Wir haben unsere Lebenspartnerschaft in eine Ehe umwandeln lassen und sind damit jetzt offiziell verheiratet 🙂

Im Internet hatten wir von anderen Paaren gelesen, die das einfach und unbürokratisch mit einem Termin beim Standesamt erledigen konnten, und so hatten wir uns das eigentlich auch vorgestellt… Doch nicht so bei uns, wir mussten erstmal einen Termin für die Anmeldung der Eheschließung ausmachen und dabei alle Unterlagen, die wir schon für die Lebenspartnerschaft vorlegen mussten, erneut vorlegen.

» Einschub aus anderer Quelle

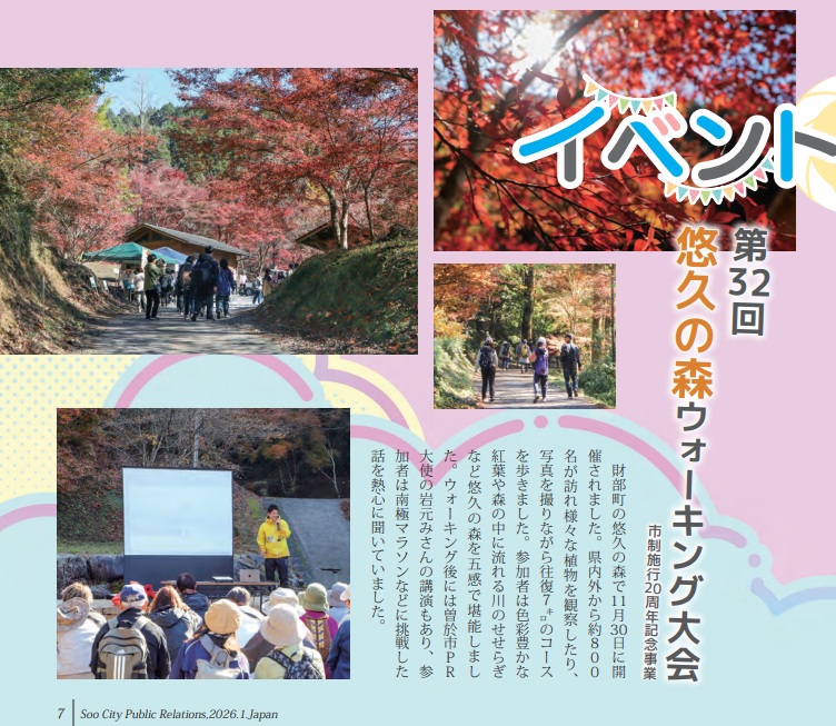 曽於市報であるSooCity2026年1月号に11月30日行われた悠久の森ウォーキング大会の様子が掲載され、Ponの講演の様子も紹介していただきました。
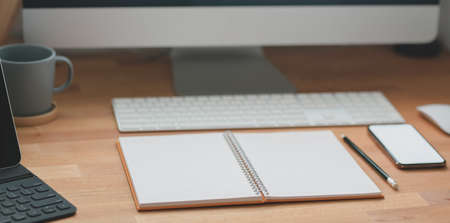 Cropped shot of modern workplace with open blank notebook, keyboard computer and desktop computer with office supplies
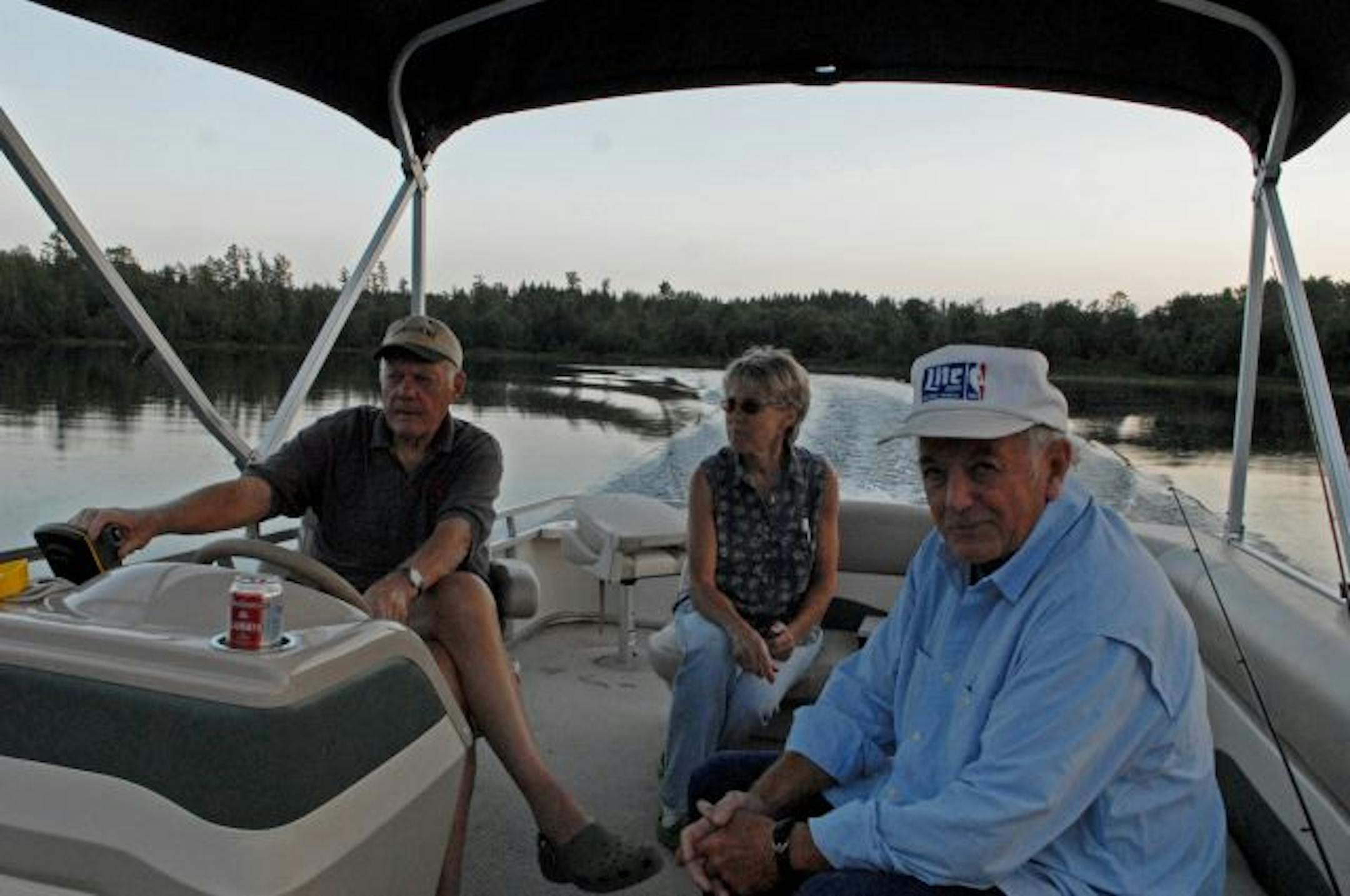 With him on his roomy craft was Pat Smith, a woman Grant has grown close to following the death of his wife of 60 years, Pat Grant. Along also was Norb Berg, a longtime hunting and fishing companion of Grant's and the person he credits for "saving his life" after he moved to Minnesota from Winnipeg in 1967 to coach the Vikings.
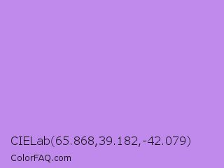 CIELab 65.868,39.182,-42.079 Color is a light purple color and the nearest color is Bright Lavender #bf94e4. Hex code #c089ec and RGB value is rgb(192,137,236). In RGB color space, this color is composed of 75% red, 54% green, 93% blue, In CMYK color space, this color is composed of 19% cyan, 42% magenta, 0% yellow , 7% black , In HSL color space, this color has a hue angle of 273° , 72% saturation and 73% lightness.
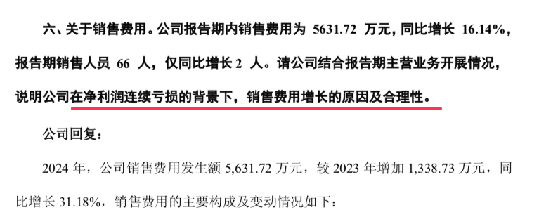 对此,监管要求公司结合报告期主营业务开展情况,说明公司在净利润连续亏损的背景下,销售费用增长的原因及合理性。

Bei diesem Termin fragten wir nach, ob wir nicht einfach direkt unterschreiben könnten, weil wir an diesem Tag Zeit hatten und sehr gerne ein bisschen gefeiert hätten. So flexibel war das Standesamt aber leider nicht (was da noch geprüft werden musste bei bestehender Lebenspartnerschaft ist uns allerdings schleierhaft…), weshalb wir zur Eheschließung (so richtig mit nochmal „ja“ sagen und im Trauzimmer) einen neuen Termin machen mussten. Das war ein bisschen schade, aber trotzdem freuen wir uns, jetzt unsere gegenseitigen Ehefrauen zu sein. 😀

Lebenspartnerschaft und Ehe – gleich und doch verschieden?!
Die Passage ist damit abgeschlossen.